The security guard—according to his labeled jacket—muttered something under his breath, completely unaware of my presence as he settled into the chair in front of the desk. He looked… human. There was nothing unnatural about the cracks in his features, the graying streaks in his hair.
Holding my breath, I angled myself gingerly, peering through gaps in the shelves to keep the screens in view. The guard scanned the monitors methodically, head tilting in increments as he looked from cell to cell—but he stopped abruptly at the blond boy's feed.
On the screen, the blond was moving, rising with deliberate slowness from his cot.
He turned purposefully toward the camera, and for one electrifying moment, his eyes locked onto it—piercing, defiant, like he could see straight through the lens.
“What the hell...?” the guard hissed, and I rose to my toes to get a better view past his head.
To my immense surprise, the blond on screen raised his hand, middle finger extended with fierce rebellion, before flinging his jacket over the camera and plunging the screen into abrupt darkness.

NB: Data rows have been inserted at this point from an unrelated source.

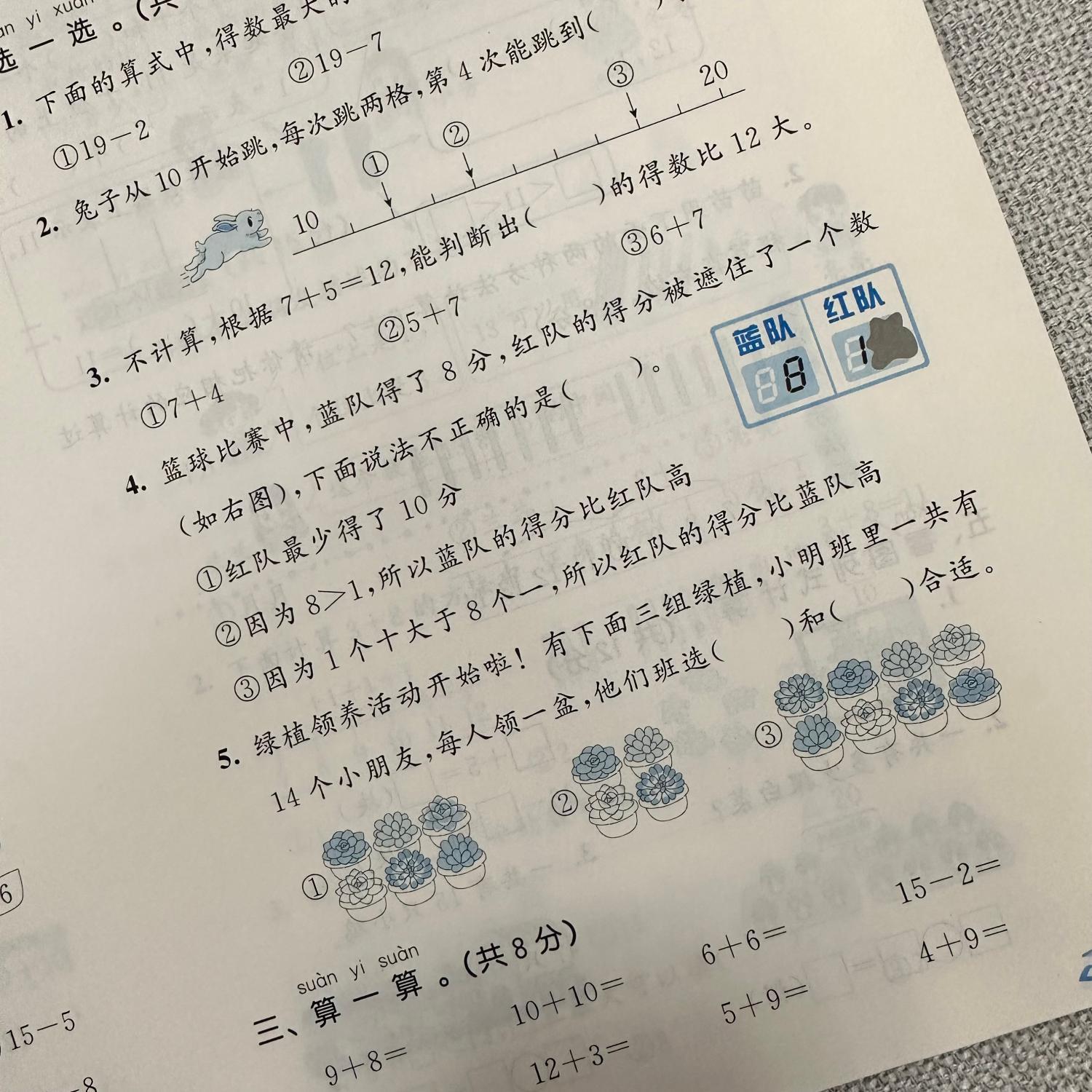 《5.3Cupón de Logro Completo.Matemáticas de primaria primer grado.Volumen II:BSDEditor en jefe: Qu Yixian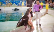 Thí sinh HHVN thích thú khi được sư tử biển hôn má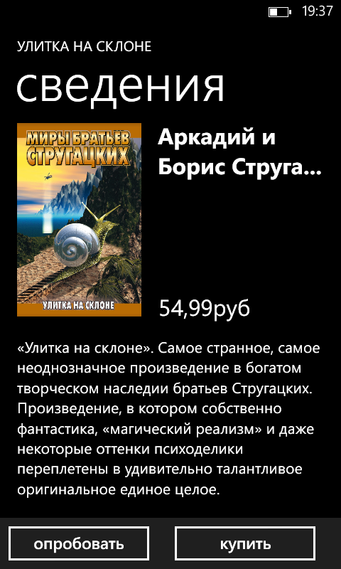 Книги Nokia — книжный магазин и программа для чтения на смартфона. Ассортимент хороший, цены — средние по рынку. Ничего дешевле 55 рублей я не нашёл, а самое дорогое из попавшихся на глаза изданий стоило 150 рублей. Само приложение для чтения, правда, предельно минималистичное, настроек почти нет.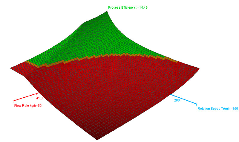 | ルドヴィックの活用 | ルドヴィックは、試験ラインと同じスクリュ設計を維持しながら、別のスクリュ形状を簡単に設定する事ができます 品質基準、目標押出能力、機械特性が、ルドヴィックの自動試験設定機能により、簡単にスクリーニングできます。 いくつもの構成パターンを数分で解析し、最も良い構成パターンを検出します。 成形、材料、機械的限界の全てが考慮された結果は、シンプルで見やすいカラー表示でグラフ化されます。 |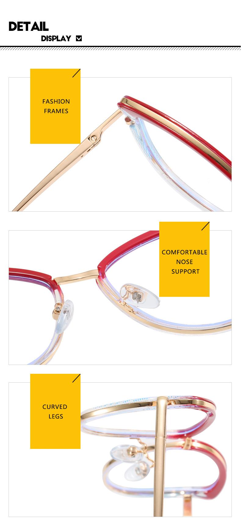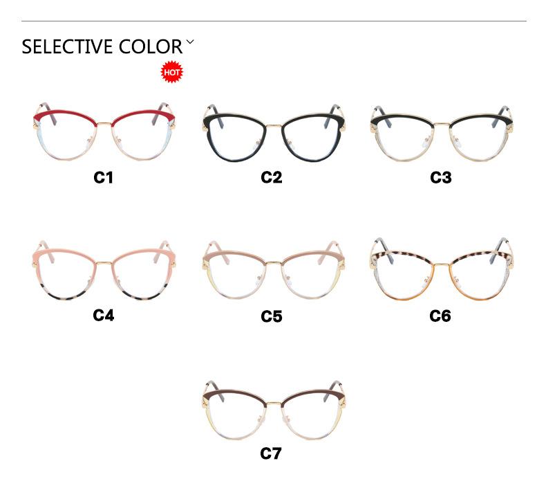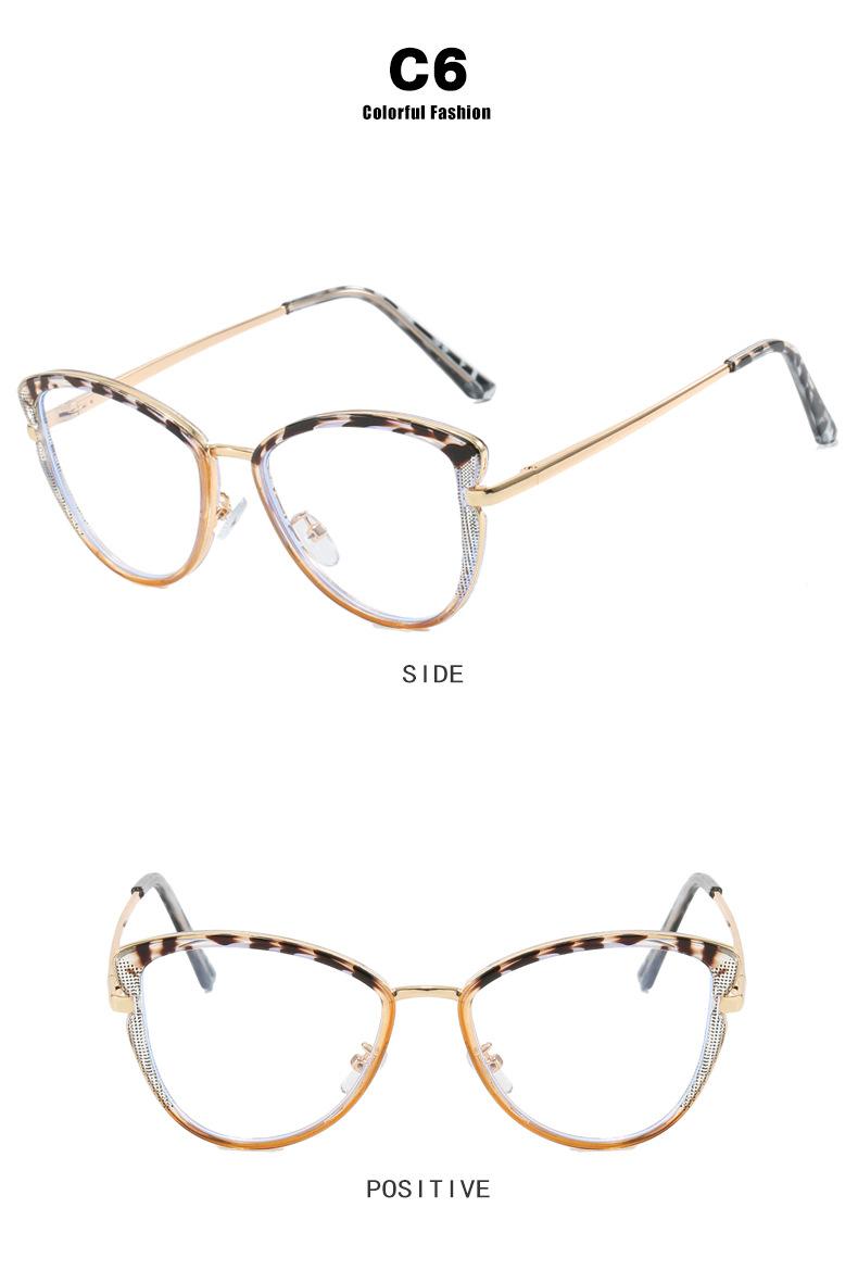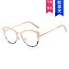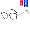 2023 Nova Moda óculos olho de gato armação transfronteiriça europeia e americana óculos lisos na moda óculos anti-luz azul armação de cor correspondência de metal

The guard cursed with vehemence, chair scraping violently across the floor as he sprang upright. I flattened myself against the wall and held my breath as the guy dashed from the room and slammed the door shut behind him.
Silence returned and I waited—until I was sure he wasn’t coming back—then I edged slowly out from behind the equipment rack, heart still slamming an aggressive tempo against my ribs. I stared blankly at the now-blocked screen, utterly baffled.
Well. That was… unexpected.
Blinking rapidly, I shook myself out of my confusion. Whoever the blond guy was, he clearly had his own agenda—and it involved ticking off security guards in spectacular fashion. I glanced back at the control panel, dread shifting gradually into something a little more determined.
Taking a deep, uncertain breath, I cracked my knuckles. This was not exactly how I'd imagined this mission going, but I was willing to improvise.
If blondie wanted chaos, then chaos he would get.